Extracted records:
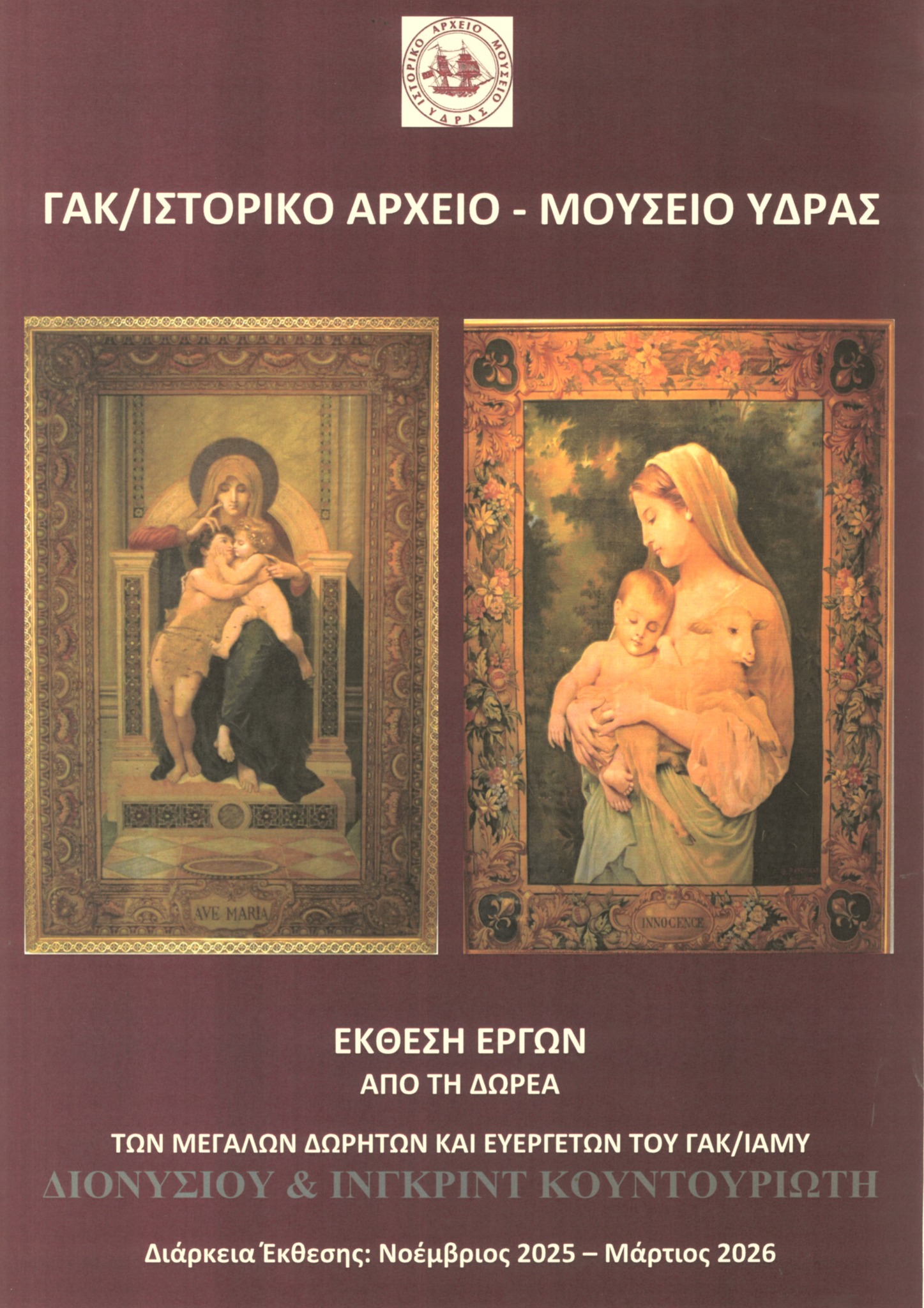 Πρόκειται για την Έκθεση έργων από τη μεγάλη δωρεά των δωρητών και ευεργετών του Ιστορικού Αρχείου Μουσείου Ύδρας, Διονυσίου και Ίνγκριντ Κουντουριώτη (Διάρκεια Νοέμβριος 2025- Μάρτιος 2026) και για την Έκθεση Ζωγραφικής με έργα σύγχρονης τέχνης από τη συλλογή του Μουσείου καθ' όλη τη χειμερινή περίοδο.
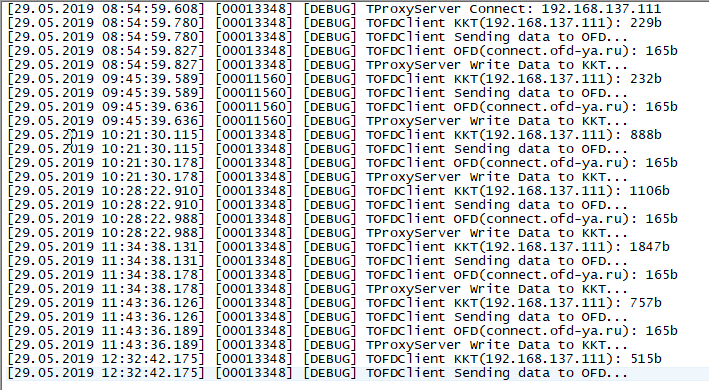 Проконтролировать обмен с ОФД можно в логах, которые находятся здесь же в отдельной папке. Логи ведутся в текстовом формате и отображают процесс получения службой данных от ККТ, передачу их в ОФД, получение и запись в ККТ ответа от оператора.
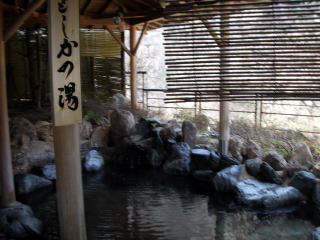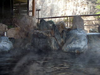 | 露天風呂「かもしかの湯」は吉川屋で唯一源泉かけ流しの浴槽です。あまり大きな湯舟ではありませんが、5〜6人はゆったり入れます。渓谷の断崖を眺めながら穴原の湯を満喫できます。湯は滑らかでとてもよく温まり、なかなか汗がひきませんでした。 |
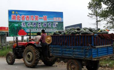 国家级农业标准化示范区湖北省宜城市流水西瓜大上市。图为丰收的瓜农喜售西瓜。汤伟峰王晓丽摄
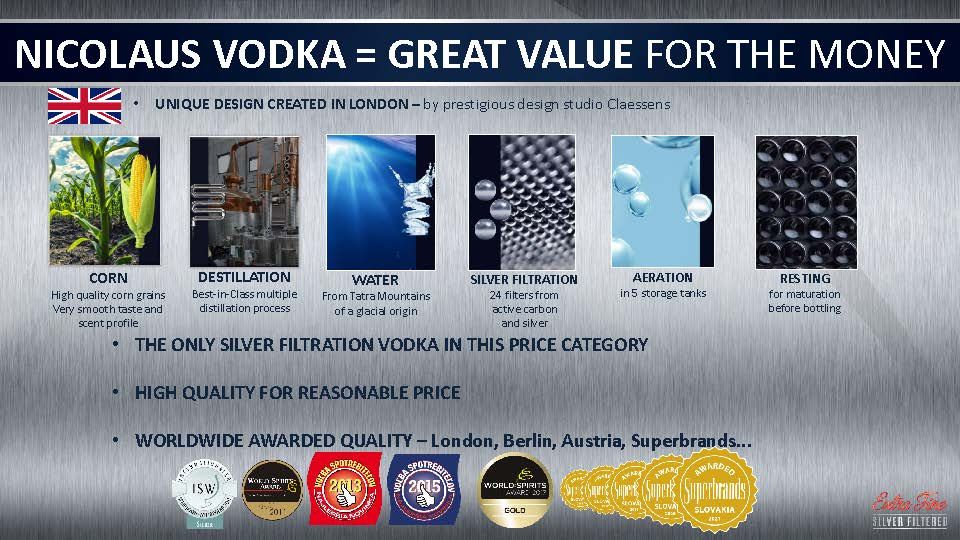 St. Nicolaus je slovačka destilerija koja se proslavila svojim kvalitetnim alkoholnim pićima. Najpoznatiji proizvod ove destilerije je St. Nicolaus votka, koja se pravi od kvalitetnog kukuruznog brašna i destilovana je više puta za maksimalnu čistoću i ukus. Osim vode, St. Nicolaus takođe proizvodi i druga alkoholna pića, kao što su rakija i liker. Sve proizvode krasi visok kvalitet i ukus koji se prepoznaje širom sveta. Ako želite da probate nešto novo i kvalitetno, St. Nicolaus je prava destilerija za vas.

** Your assignment **
Look above for the line with "Проконтролировать обмен с" and copy exactly from it through the line with "国家级农业标准化示范区湖北省", both included. Omit the pictures.

** Task output **
 Проконтролировать обмен с ОФД можно в логах, которые находятся здесь же в отдельной папке. Логи ведутся в текстовом формате и отображают процесс получения службой данных от ККТ, передачу их в ОФД, получение и запись в ККТ ответа от оператора.
 | 露天風呂「かもしかの湯」は吉川屋で唯一源泉かけ流しの浴槽です。あまり大きな湯舟ではありませんが、5〜6人はゆったり入れます。渓谷の断崖を眺めながら穴原の湯を満喫できます。湯は滑らかでとてもよく温まり、なかなか汗がひきませんでした。 |
 国家级农业标准化示范区湖北省宜城市流水西瓜大上市。图为丰收的瓜农喜售西瓜。汤伟峰王晓丽摄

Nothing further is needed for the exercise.